Arthur rested his pick axe against the little wall that his colleague had built up. “Barman, a beer.”

“Coming, just a second.”

This exchange was an allusion to the fact that until recently Walter Kusian had worked as a barman at the Casablanca bar on Augsburger strasse, but that he had been fired. One of the regulars, a wealthy film producer, had recognized him and refused to be served by a Nazi. In the ensuing exchange Walter Kusian had become somewhat aggressive.

Time passed by very slowly. It was foggy, wet and cold. Walter Kusian wouldn’t have minded if a piece of wall broke off and killed him. The best thing in life was to die suddenly without fear. Arthur could at least look forward to the evening with his family out there in the garden colony. But for him there was only an entire evening alone in his little room…Only people who had money, a lot of money could afford to hope. The owner of the furniture store across the street surely had a lot of dough, he made sure that the movers carried his expensive stuff up the stairs without any scratches. ‘GG Furniture: a great idea.’ GG stood for Gregor Göltzsch, Walter Kusian had seen the name in the paper. The thought of killing him, of opening his treasure chest and… That made him warmer even than the mulled wine that the boss handed out when daylight had fallen and he came back to pick up the tools. “Guys, let’s call it a day.”
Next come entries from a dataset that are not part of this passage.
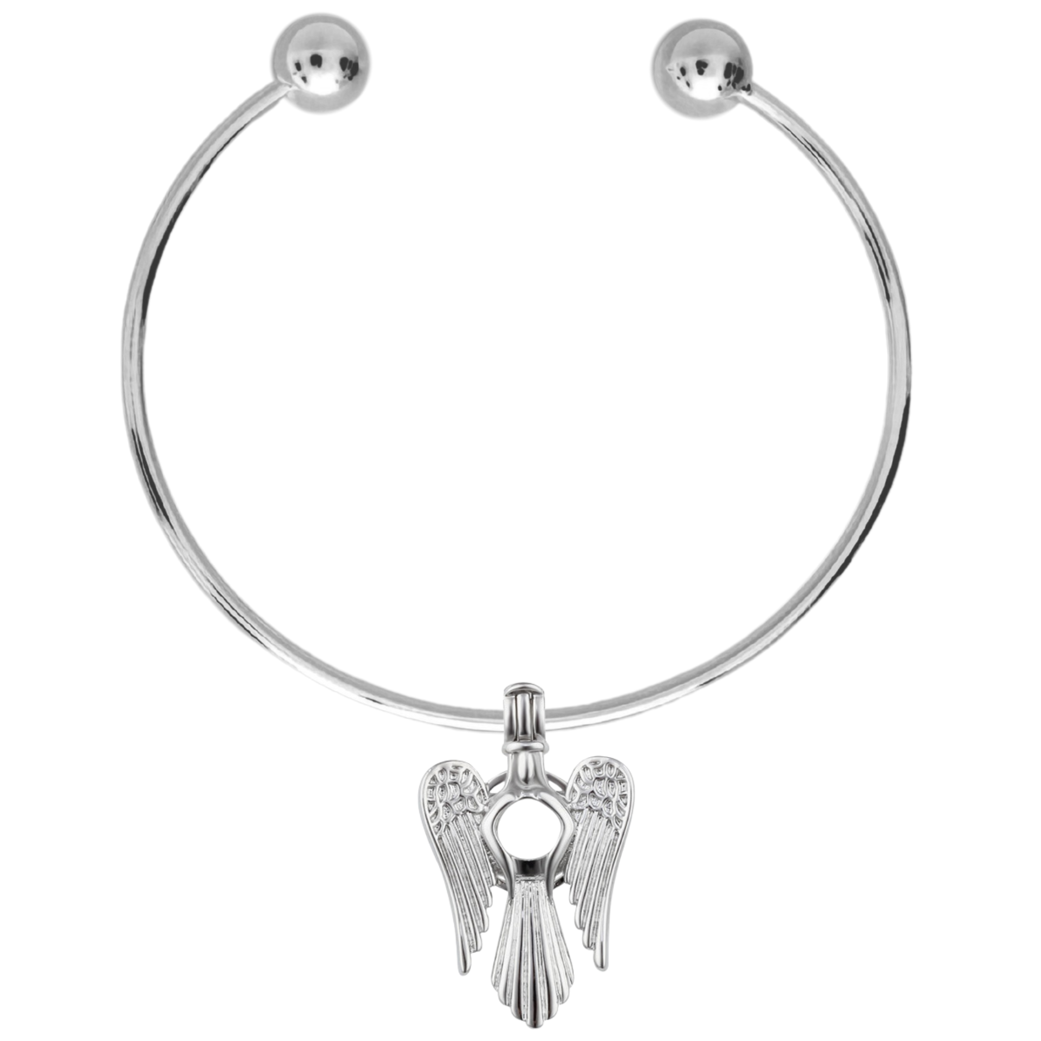 Crafted from polished stainless steel, this sleek bangle bracelet features a screw-off ball end for easy charm swapping. Each charm opens to securely hold a pearl inside, letting you personalize your look with your favorite pearls. Presented in a beautiful jewelry box, it makes a perfect gift or everyday accessory.
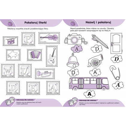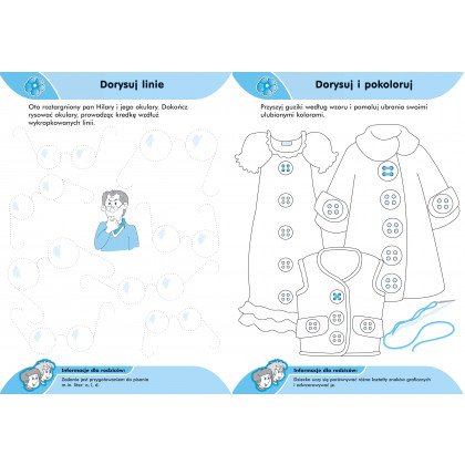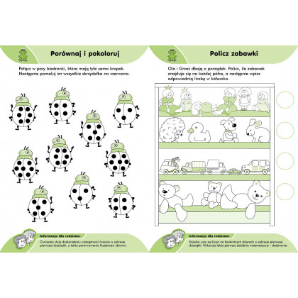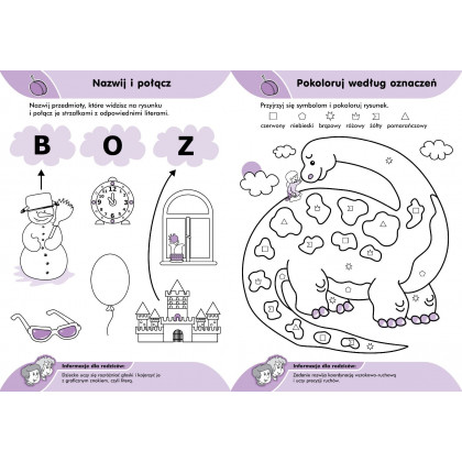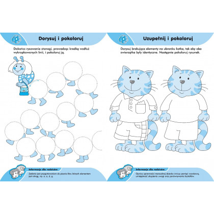 Na każdej stronie znajdują się informacje rodziców określające precyzyjnie, co rozwija dane ćwiczenie.
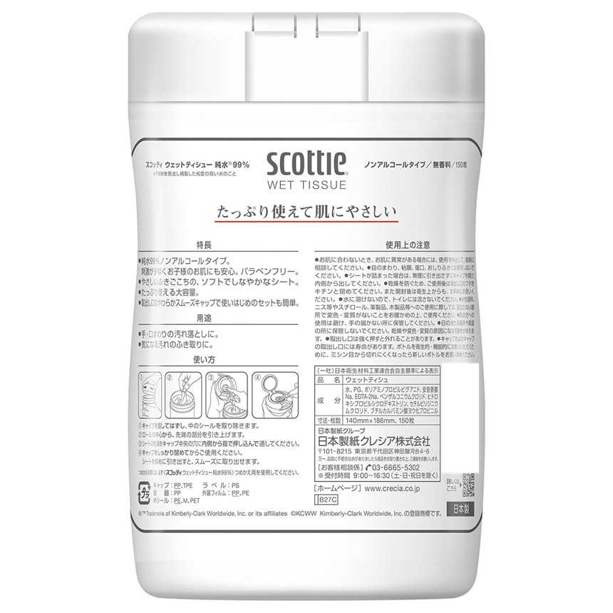 [12個]日本製紙クレシア スコッティ ウェットティシュー 150枚入 | 余分な成分を減らした純水99%のウェットティシュー
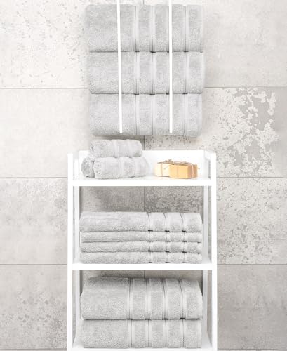 • American Soft Linen Luxury 4 Piece Bath Towel Set, 600 GSM 100% Cotton Turkish Bath Towels for Bathroom, 27x54 in Large Bathroom Shower Towels, Silver Grey
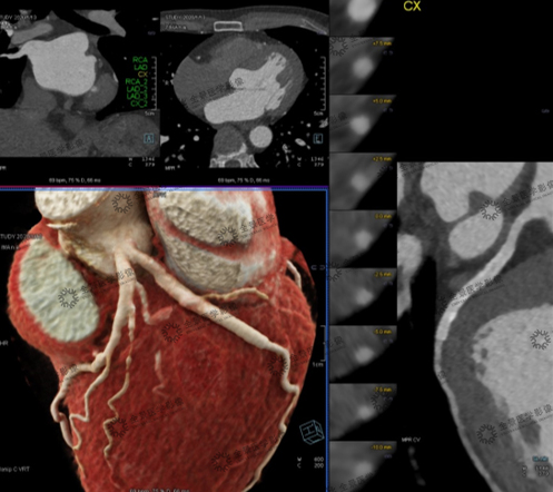 男,54岁,冠心病PCI术后,原始图像结合二维MPR及三维CVRT图像清晰显示,左回旋支CX近中段支架壁光滑、形态正常,支架通畅。
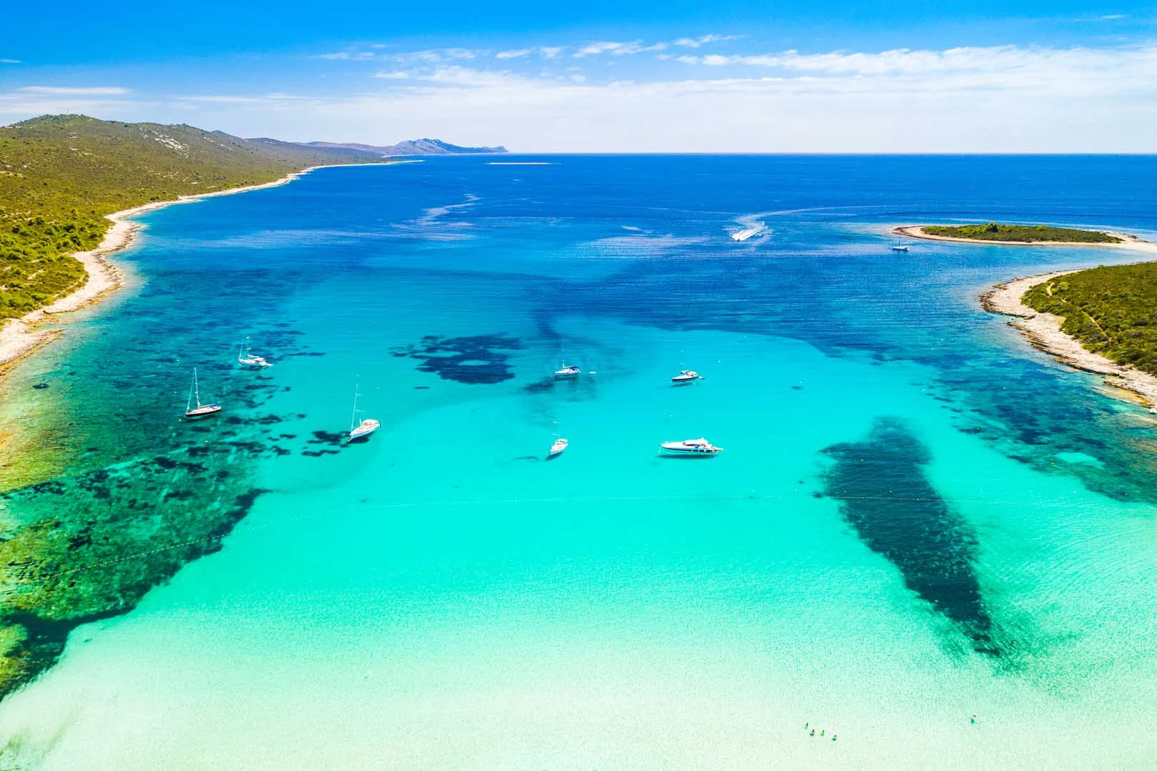 We begin our journey with a scenic cruise toward Čiovo, where panoramic views of crystal-clear waters and lush coastal landscapes await. From there, we make our way to the iconic Duga Bay, better known as the Blue Lagoon. Dive into the shimmering turquoise sea for swimming, snorkeling, or simply relaxing in this natural paradise.
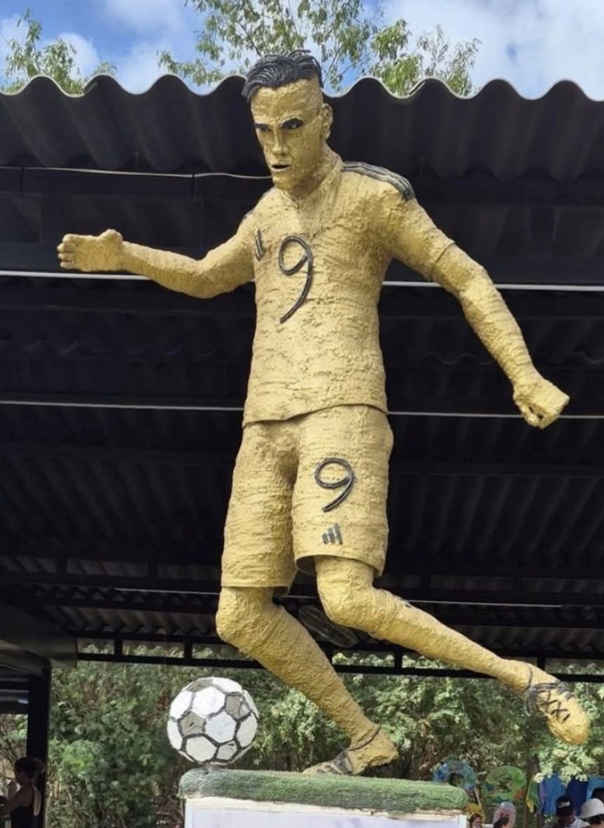 A estátua de Falcao, criada por Alonso Ramirez, tem 170 cm de altura e pesa mais de 180 kg, toda em dourado.

Walter Kusian walked to the stop to take the streetcar, he got on the number 2; it was completely packed. The car had no doors so he stood on the platform, almost outside and froze. On Turmstrasse he caught sight of two women yapping. They were just walking out of the Robert Koch hospital. Elizabeth Kusian and her friend Anni.

He called out to her: “Hi there, sister in law!”

“Hi, brother in law.”

“Will you have a little time for me tonight?”

Elizabeth Kusian made a big NO sign with her right hand in front of her face, two or three times, as if he were too thick to catch on the first time. “No, absolutely not.”

“You better watch out your bones don’t end up inside a ruin.” Walter Kusian whispered as the streetcar went on its way.